--- Exercise data ---

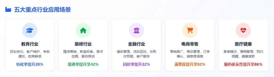 AI机器人外呼系统并非单一功能,它的适配场景十分广泛,几乎覆盖各行各业,尤其适合这些高频外呼需求:
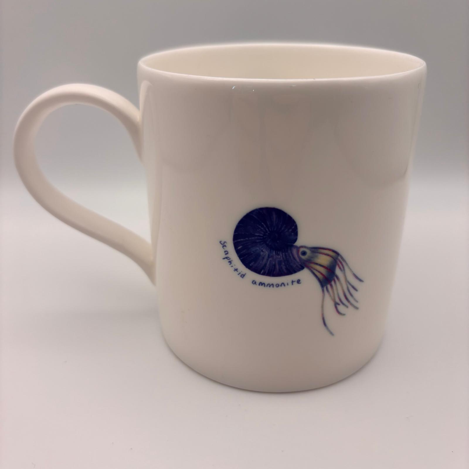 A Lyme Regis Museum exclusive bone china mug, featuring a beautiful ammonite design by the Cookieraptor.
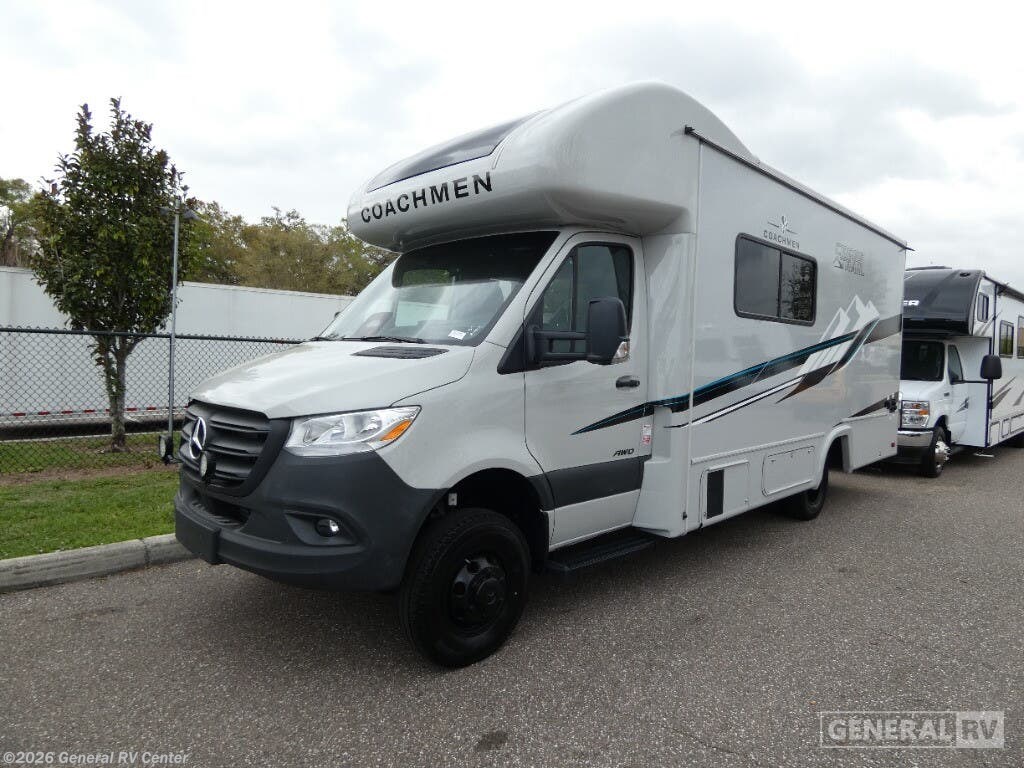 **Coachmen RV Cross Trail XLS Class C diesel motorhome 24FL highlights:** - Bunk Over Cab - Full Bed - 24x32 Shower - Outside TV Pack your bags and gas up this motorhome for an adventure of a lifetime with your spouse! You will get a good night's rest on the corner 52" x 80" full bed, and you can even bring a couple extra guests to sleep on the 36" x 76" bunk over cab. Keep everyone's bellies filled with delicious home cooked meals prepared on the two burner cooktop, convection microwave, 6.2 cu. ft. refrigerator, and countertop extension. Clean up after a fun day of adventures in the rear corner bathroom with the shower and store your toiletries in the medicine cabinet. There is even an outside TV for you to watch the big game underneath the power awning! Each one of these eco-friendly Coachmen RV Cross Trail XLS Class C diesel motorhomes are ready for an adventure when you are! They are built on a Mercedes-Benz Sprinter chassis and automatic 7G-Tronic transmission. With a 3.6kw propane generator and 200W solar panel, you can go off the grid. The exterior LED Halo taillights help others see you better at night and the back up camera helps prevent any bumps or dings. Play your favorite tunes with the touchscreen dash radio and Omni directional TV/FM/AM antenna lets you watch your favorite movies. The towing hitch comes with a 7-way plug for easy hook up. Come see all the other features these units have to offer!

---

Task directions: The first line of the listing through the line with "A Lyme Regis": repeat exactly that span and nothing more, skipping pictures.

Reply to the task:
 AI机器人外呼系统并非单一功能,它的适配场景十分广泛,几乎覆盖各行各业,尤其适合这些高频外呼需求:
 A Lyme Regis Museum exclusive bone china mug, featuring a beautiful ammonite design by the Cookieraptor.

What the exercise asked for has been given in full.